To verify the running performance of GRAPE-JDK in large-scale graph computing scenarios, we conducted tests on datasets with hundreds of millions of vertices and billions of edges provided by LDBC Graphalytics for various common algorithms. The test configuration was 4 clusters with 400GB of memory and 96 cores, and 4 GraphScope workers. For specific performance test report results, please refer to GRAPE-JDK performance report. Here we take the SSSP and PageRank algorithms as examples to show the experimental results.

Java App vs C++ App

First, we compare the performance gap between the Java-SSSP algorithm based on GRAPE-JDK and the CPP-SSSP algorithm based on libgrape-lite on the com-fiendster and Datagen-9_0-fb datasets. We can see that the overall performance gap between the Java app and the C++ app is about 2 times.

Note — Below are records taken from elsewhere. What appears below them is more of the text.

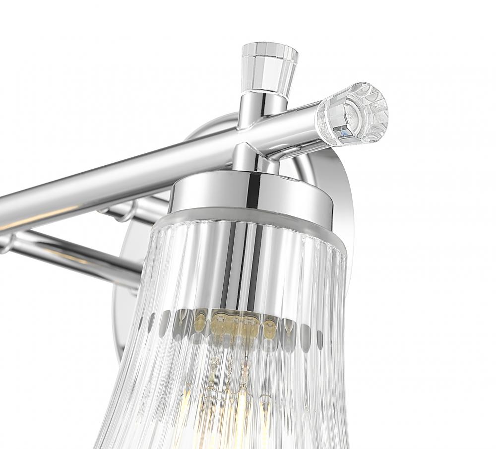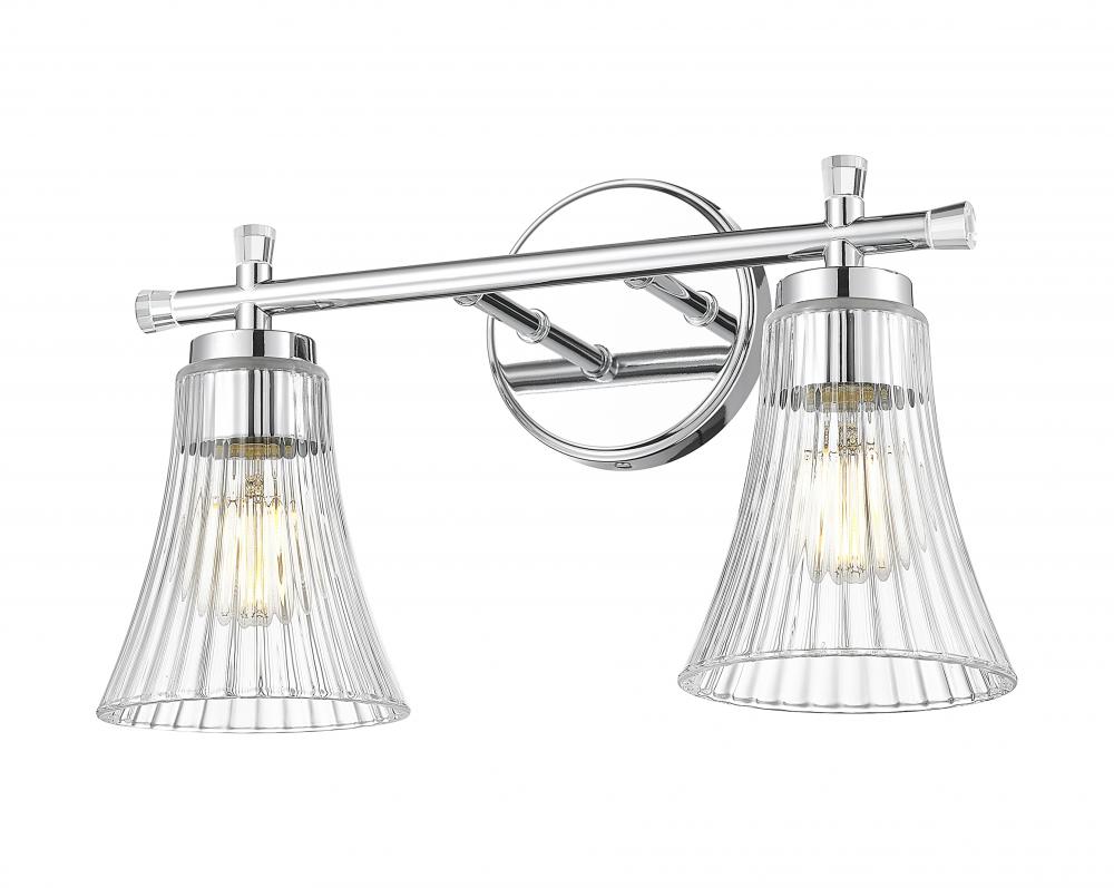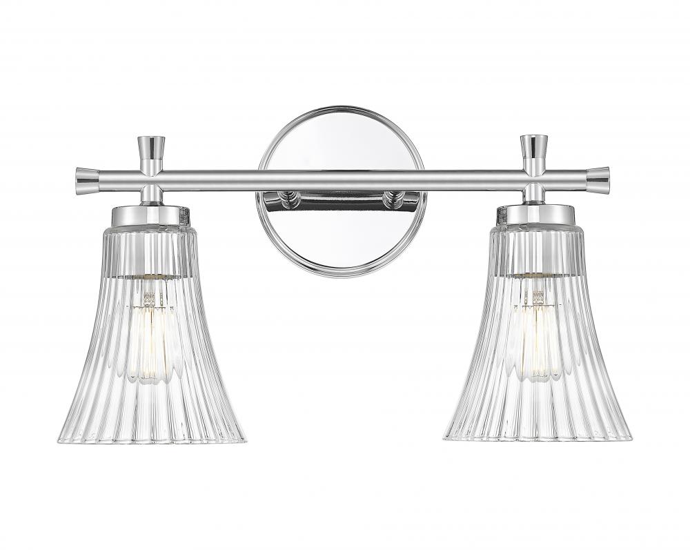 With its mirror-like chrome finish and sparkling fluted silhouette, this two-light vanity fixture is pure charm. Clear glass shades catch and reflect the light with graceful curves that feel both vintage and fresh. It?s a beautiful choice for creating a bright, boutique-style bath.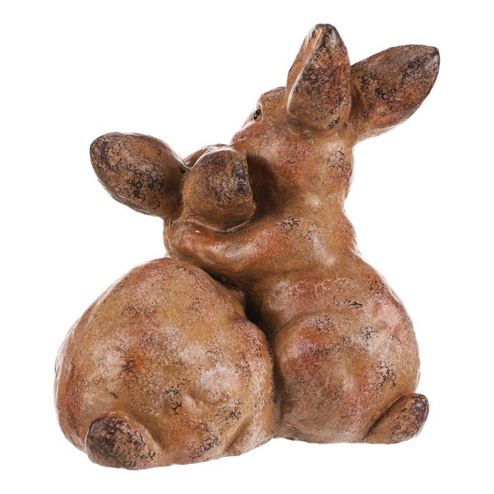 Keramická dekorace zobrazující zaječí pár v hnědém provedení přináší do interiéru přírodní a veselou atmosféru. Detailně propracované tělo figurek s jemnou patinou zvýrazňuje jejich realistický vzhled a texturu. Dekorace je vhodná pro umístění na poličku, komodu nebo okenní parapet, kde vynikne jako výrazný doplněk. Díky pevnému keramickému základu je snadná na údržbu a navržena pro dlouhou životnost. Je ideální pro milovníky přírody a zvířecích motivů, kteří chtějí oživit svůj domov nebo pracovní prostor.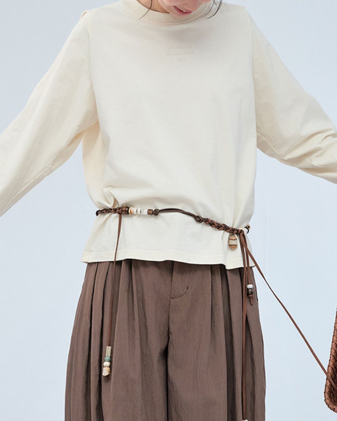 Rope & Leather Tag Tuck Wide Pants PT033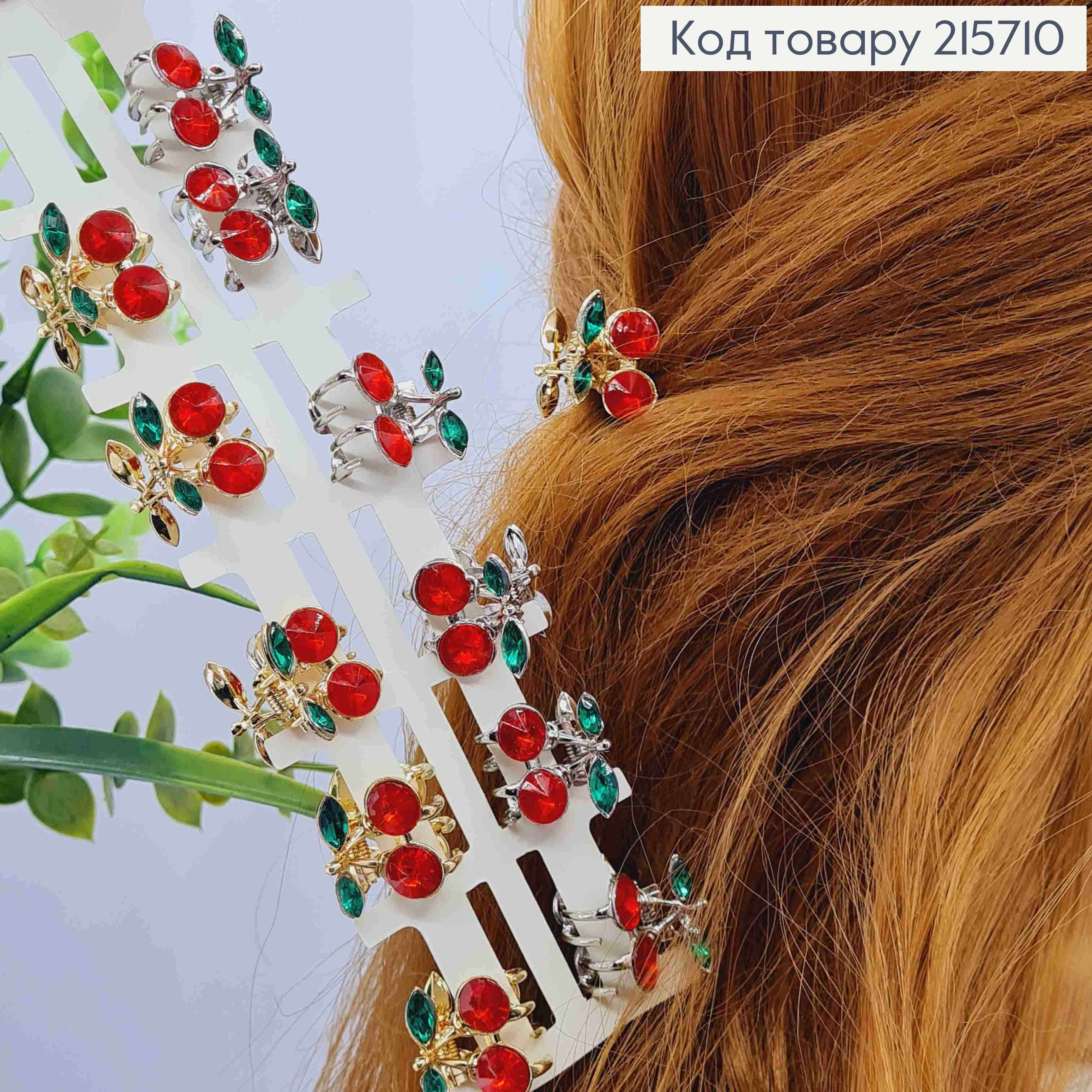 Краб металл "Красные Вишенки" с Камешками, 12см, Золотого/Серебряного цвета в ассортименте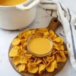 A round wooden board holds a small clear bowl filled with a smooth orange cheese dip, surrounded by a thick layer of curved, crunchy, yellow-orange corn chips that have a slightly rough and crispy texture. The board rests on a white marbled surface next to a white crockpot with more of the same creamy orange cheese dip inside. A white cloth with thin navy blue stripes lies folded near the crockpot, adding a soft touch to the scene. Photo taken with an iphone --ar 4:5 --v 7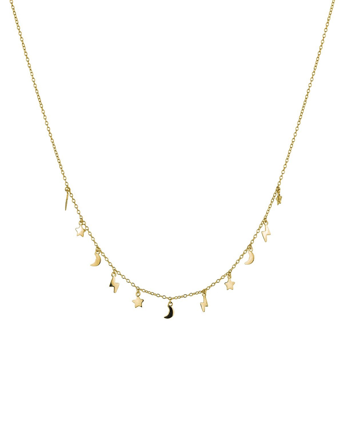 This beautiful 18k gold plated 925 sterling silver choker features 11 dangling charms shaped as stars, moons and lightning bolts, creating a meaningful celestial design. The 13.8" (35cm) + 2.8" (7cm) extension chain ensures a perfect fit.
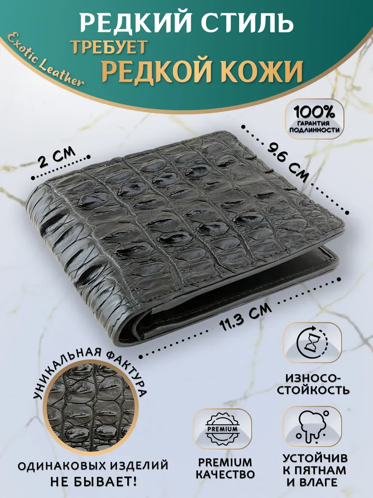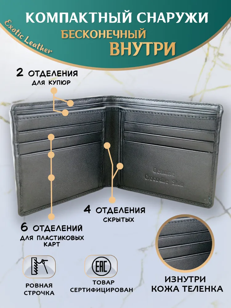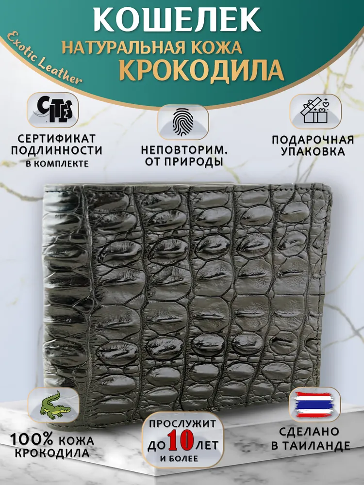 Классический мужской кошелек из натуральной кожи крокодила (хвостовая часть) станет по-настоящему модным и оригинальным подарком для любого современного мужчины. Кошелек отличается приятной мелкой фактурностью и лаконичным внутренним содержанием. Изнутри используется натуральная телячья кожа. Обращаем ваше внимание, что, в силу природных особенностей, изделия из экзотической кожи по фактуре своей кожи, существует в единственном экземпляре, поэтому доставленный вам кошелек из крокодила может отличаться от представленного на этих фотографиях, но модель и цвет будут максимально выдержаны. - 2 отделения для купюр - 6 карманов для пластиковых карт - 4 потайных кармана Страна производства: Таиланд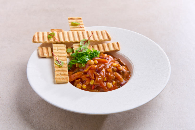 - Voeg de kikkererwten, maïskorrels, witte bonen, rode kidneybonen en gemengde paprikareepjes toe en verhit door.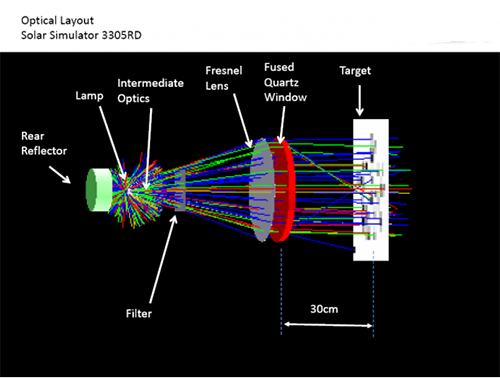 構(gòu)建了**終的太陽(yáng)模擬器系統(tǒng),并進(jìn)行了一系列測(cè)試,以證明殼體保持所需溫度和真空兼容性的能力。所有光學(xué)設(shè)計(jì)測(cè)試均提前進(jìn)行,以確保滿(mǎn)足**終用戶(hù)要求的所需光功率,光譜匹配,準(zhǔn)直角和其他規(guī)格。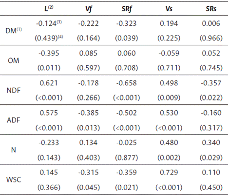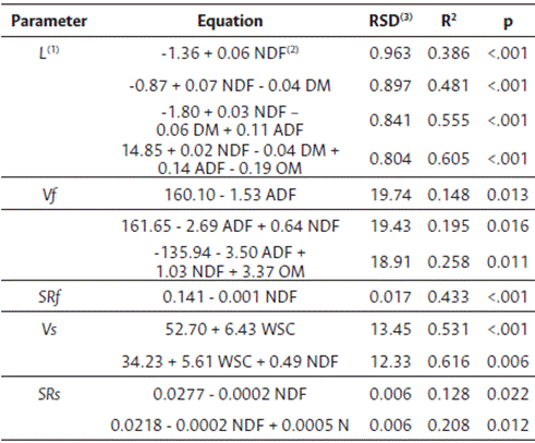 Table 5 shows the best equations predicting gas production according to the chemical composition of the forages. The coefficients of determination were higher than 60 % for L and Vs. For Vf and SRs, they were lower than 30 %. NDF or ADF were included in all equations with the highest relative weights, except for Vs, where WSC was the best single predictor.

SSSP on Dategen-9_0-fb SSSP on ccom-friendster

Performance Improvement Brought by LLVM4JNI

LLVM4JNI has brought significant performance improvements to GRAPE-JDK. As shown in the table below, the Java-PageRank algorithm implemented using GRAPE-JDK is now approaching the performance of CPP-PageRank. In cases with high concurrency, the time is very close to C++ (such as the column with a concurrency of 32 in the second table).

Performance result is shown in the following two tables.

  threads 1 2 4 8 16 32 64
Com-friendster C++ time 567 325 149 78 39 37 43
Com-friendster Java time 3166 1651 621 373 197 107 147
Com-friendster Java(+LLVM4JNI) time 743 377 202 99 53 38 48
  threads 1 2 4 8 16 32 64
datagen-9_0-fb C++ time 253 113 65 33 22 17 17
datagen-9_0-fb Java time 1439 770 358 162 85 64 74
datagen-9_0-fb Java(+LLVM4JNI) time 393 172 85 41 26 23 22

Conclusion

In this blog, we briefly introduce GRAPE-JDK, a cross-language graph analysis toolkit foe GraphScope. With the help of the modern FFI framework FastFFI, GRAPE-JDK not only provides a friendly user interface for Java users but also has efficient graph query performance. We welcome everyone to try GRAPE-JDK tutorial and provide valuable feedback on usage suggestions.